Cost Prediction Using a Survival Grouping Algorithm: An Application to Incident Prostate Cancer Cases

from Latest Results for PharmacoEconomics at on December 29, 2015



Prognostic classification approaches are commonly used in clinical practice to predict health outcomes. However, there has been limited focus on use of the general approach for predicting costs. We applied a grouping algorithm designed for large-scale data sets and multiple prognostic factors to investigate whether it improves cost prediction among older Medicare beneficiaries diagnosed with prostate cancer.
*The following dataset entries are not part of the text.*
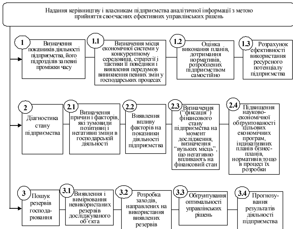
Рис. 3. "Дерево завдань" економічного аналізу діяльності суб'єкта господарювання: фрагментарний розріз

Викладання аналізу неможливе без теоретичними основами економічного викладачів і студентів, взаємодія яких дає аналізу для використання на практиці. можливість студентам оволодівати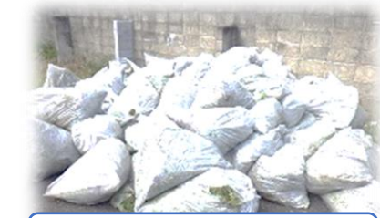
草がこんなにたくさん!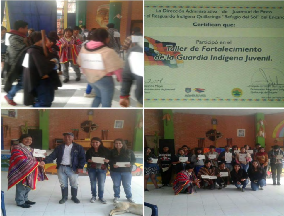
Imagen 29 Reconocimiento a los jóvenes de la guardia indígena, acompañamiento gobernador taita Camilo Rodríguez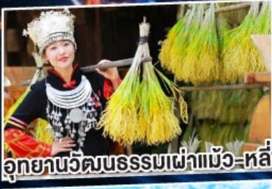
อุทยานวัฒนธรรมเผ่าแม้ว-หลี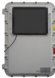
Рисунок 3 – Общий вид ИВК, исполнение 6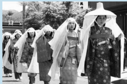
▲あでやかな藤原家侍女の一行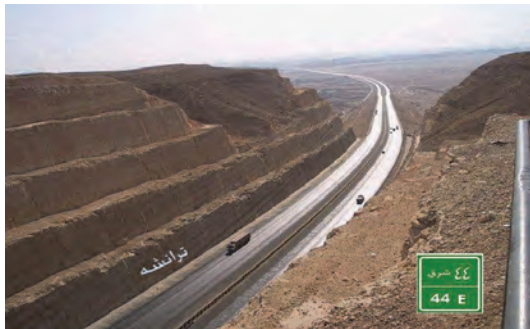
شکل ۹- ترانشه (شیروانی‌های خاکی اطراف راه)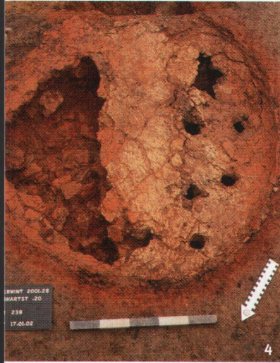
Abb. 4 Oberwinterthur. Der Töpferofen an der Gebhartstrasse. Blick auf den Mittelpfeiler und die Lochten der intakten Westhälfte.

Oberwinterthur. Le four de potier de la Gebhartstrasse. Vue sur le pilier central et la sole de la moitié occidentale du four, seule conservée.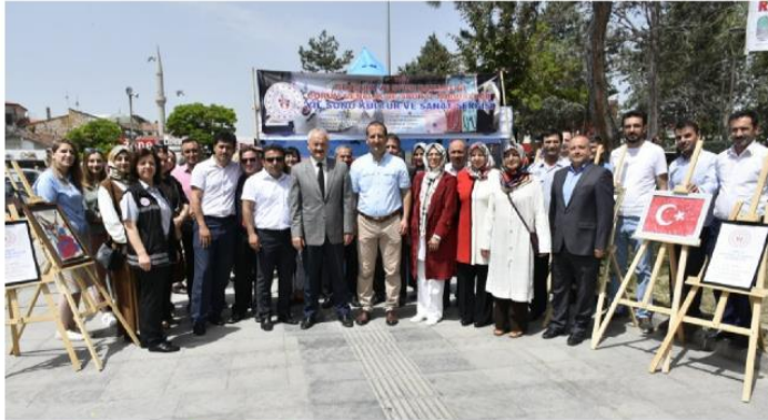
KYK'nın Çorum yurtlarında kalan öğrencilerin eserleri, sergide görücüye çıktı.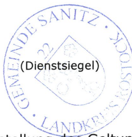
Enrico Bendlin Bürgermeister

Anlage: Übersichtskarte mit Darstellung des Geltungsbereiches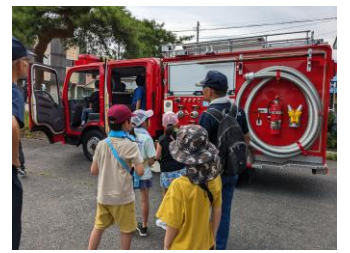
屯所の見学もさせていただきました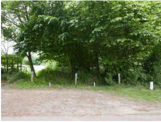
Parkplatz für Menschen mit Behinderung

Wir haben für Sie einige Fotos aus dem Betrieb / Angebot zusammengestellt. In den Detailberichten finden Sie weitere Fotos.

We analysed the linked Surveillance, Epidemiology and End Results (SEER)-Medicare data, which included data from 2000 through 2009 for men diagnosed with incident prostate cancer between 2000 and 2007. We split the survival data into two data sets (D0 and D1) of equal size. We trained the classifier of the Grouping Algorithm for Cancer Data (GACD) on D0 and tested it on D1. The prognostic factors included cancer stage, age, race and performance status proxies. We calculated the average difference between observed D1 costs and predicted D1 costs at 5 years post-diagnosis with and without the GACD.


The sample included 110,843 men with prostate cancer. The median age of the sample was 74 years, and 10 % were African American. The average difference (mean absolute error [MAE]) per person between the real and predicted total 5-year cost was US$41,525 (MAE US$41,790; 95 % confidence interval [CI] US$41,421–42,158) with the GACD and US$43,113 (MAE US$43,639; 95 % CI US$43,062–44,217) without the GACD. The 5-year cost prediction without grouping resulted in a sample overestimate of US$79,544,508.


The grouping algorithm developed for complex, large-scale data improves the prediction of 5-year costs. The prediction accuracy could be improved by utilization of a richer set of prognostic factors and refinement of categorical specifications.